According to the ancient myths, Papa is the wife of Wākea, son of the god Kahiko. Wākea is the Father Sky in the Hawaiian religion and a personification of the male creative power. He and Papa are representations of the divine masculinity and femininity. Together, they created the Hawaiian Islands and became the ancestors of the Hawaiian chiefs and noblemen. The most important offspring of Papa are the islands called Hawaiʻi, Maui, Oʻahu and Kauaʻi. Chiefs claimed their descent from Papa and it was believed they were divine as well.

The most famous child of Wākea and Papa is called Hoʻohōkūkalani, and she became Wākea's lover, according to the famous myth.
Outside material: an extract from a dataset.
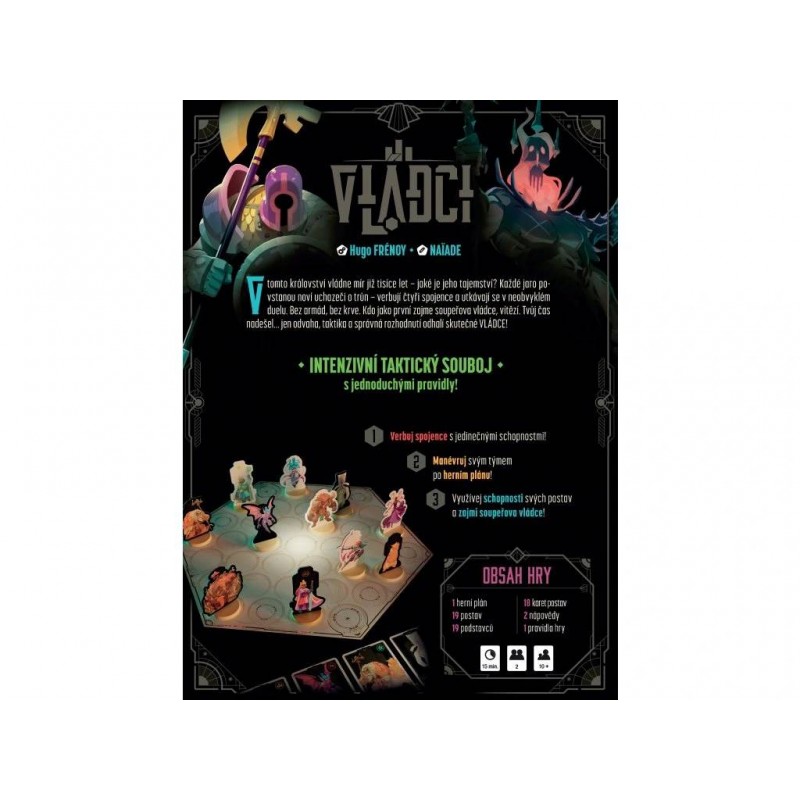 INTENZIVNÍ TAKTICKÝ SOUBOJ s jednoduchými pravidly! Verbuj spojence s jedinečnými schopnostmi! Manévruj svým týmem po herním plánu! Využívej schopnosti svých postav a zajmi soupeřova vládce!
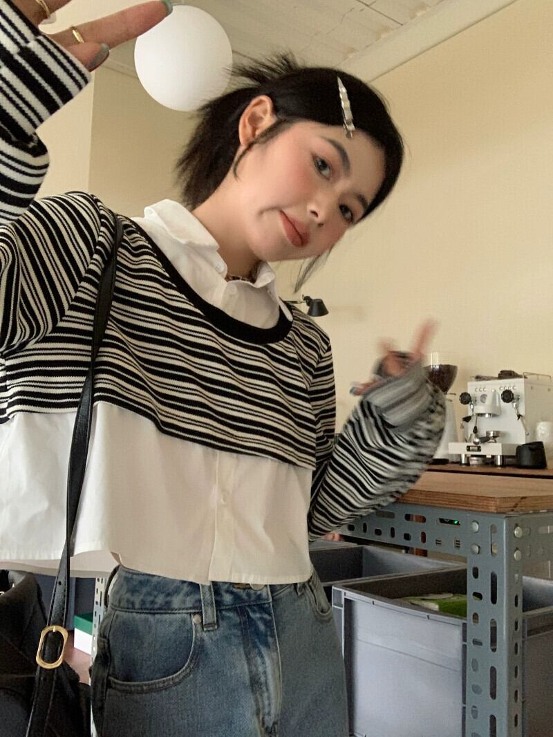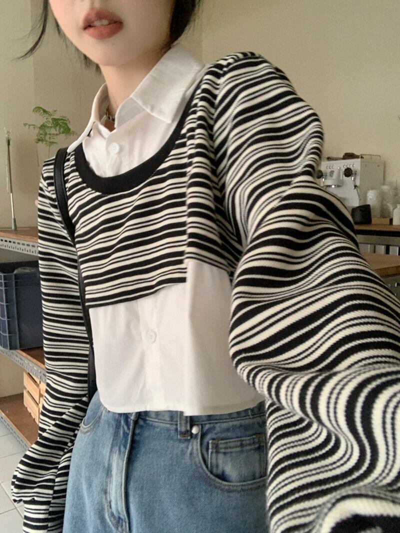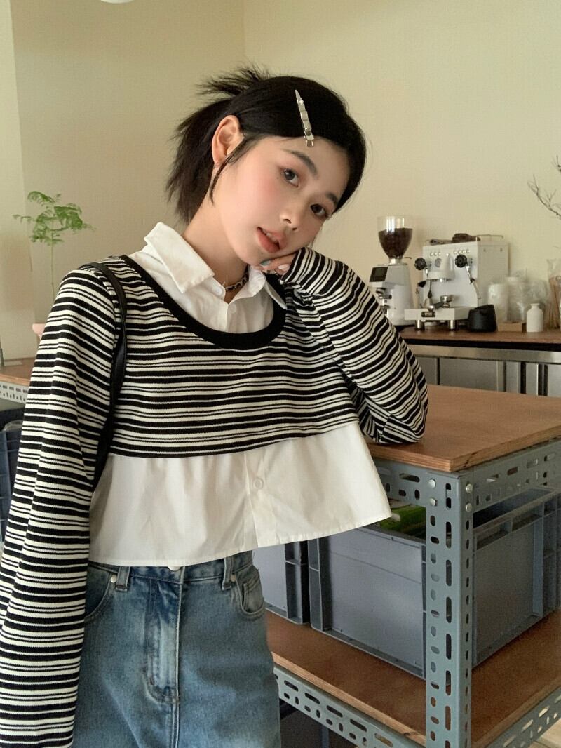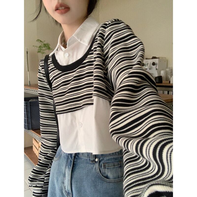 偽ツーピースストライプポロカラースウェットシャツ女性の春と秋の2023新しい人気デザインショートトップ小人 スプリング 春物 オータム 秋物 7460094248169028 | framboise21

When Hoʻohōkūkalani gave birth to a stillborn baby, it was Papa who named the child Hāloa and buried him in the soft earth; from that place sprung the first taro. Hoʻohōkūkalani again mated with her father, and had a living child, who was also named Hāloa.

==Worship==
A women's temple, called Hale o Papa, is the primary religious structure associated with the worship of this goddess. Hale o Papa are often built in connection with luakini, or "men's temples" (places of "official" ceremony, which are primarily dedicated to the gods Kū and Lono), although it is believed by many practitioners that they may also exist independently.

In the Aloha ʻĀina movement, Papa is often a central figure, as her spirit is that of the life-giving, loving, forgiving Earth who nurtures human life, and who is being abused by the misdeeds of mankind, especially in regard to the abuse of nature.